Zaidat was one of the primary investigators in the Midwest during the study. Hoffbauer was a trial patient.

Zaidat also wrote a paper about the device that helped lead to its approval. The paper was published separately in Lancet in September.

Among the trial’s most notable findings was the Solitaire stent retriever’s success in performing without causing bleeding. It opened vessels blocked by clots without leading to symptomatic bleeding in or around the brain in 61 percent of patients, according to the August Lancet article. The previously approved mechanical tool used to remove stroke-causing blood clots, a corkscrew-like device known as the Merci Retriever, opened block vessels without subsequent bleeding in 24 percent of patients.

Within the study, Solitaire also produced a better survival rate three months after a stroke. While the Solitaire device had a 17.2 percent mortality rate, its predecessor had a 38.2 percent mortality rate.

Zaidat believes the effectiveness of the Solitaire device can largely be credited to its design. The design of the older devices used to remove clots made it more difficult for physicians to grab clots in their entirety, he said. The older devices also had substantial learning curves and were very operator dependent.

“It takes long to really master the technique and to tweak it for each operator to reach the desired effectiveness,” Zaidat said. “There was variability in the results because of that.”

As efficacious as the Solitaire device has been in removing stroke-causing blood clots, Covidien initially intended it to be a junctive device used in treating aneurisms. Covidien submitted the device as a tool to treat aneurisms to regulatory agencies in Europe before the United States. Researchers in Europe inadvertently realized its design could also address stroke-causing blood clots, and the device was tweaked to attend to clots.

Depending on how long a patient receives care after having a stroke, the Solitaire device can be administered in conjunction with clot-busting drugs. Drugs can assist in breaking up a clot up to 4.5 hours after a stroke patient has suffered the initial symptoms. After 4.5 hours has passed, it’s best to turn immediately to the device.

Zaidat emphasizes the critical role time plays in recovering a stroke patient’s deficit.

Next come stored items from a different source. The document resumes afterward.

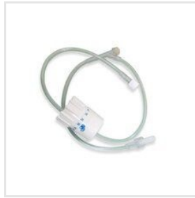
I.V. Flow Regulator
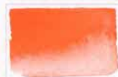
314 Brilliant Orange PO67 7 MS MG ☑
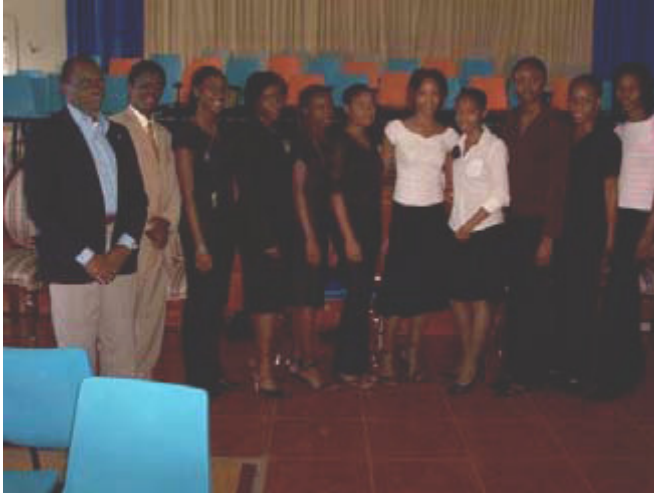
The Director and Secretary General with members of the Executive of the NCU UNESCO Club

The Director of the Caribbean Cluster office launched the first UNESCO Club at the University level on 31 October at the Northern Caribbean. Present were the Secretary-General of the National Commission for UNESCO and Staff and Students of the Northern Caribbean University.
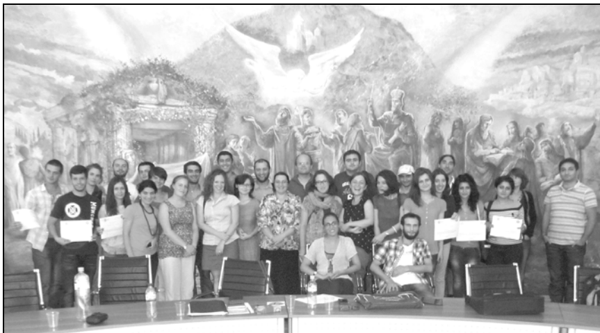
Fig. 3: Participants of ›Caucasus, Conflict, Culture 3‹ in Tbilisi, August 2013; some participants are not on the picture.

lived there. The second aim of CCC3, and the central aim to all ›Caucasus, Conflict, Culture‹ projects was to create a forum in which student and graduate anthropologists (and scholars in related disciplines) could work and discuss together intensively.

“The sooner you get to the hospital, the more likely you’re going to have chances of reversing the stroke,” he said.

Hoffbauer said she feels lucky that the device, the facilities and the expertise to remove her clot and reverse her stroke were all available to her immediately at Froedtert.

“Without Dr. Zaidat’s expertise and the device to take out the clot, I could have had much worse outcomes – the worst being that I would not be alive,” she said.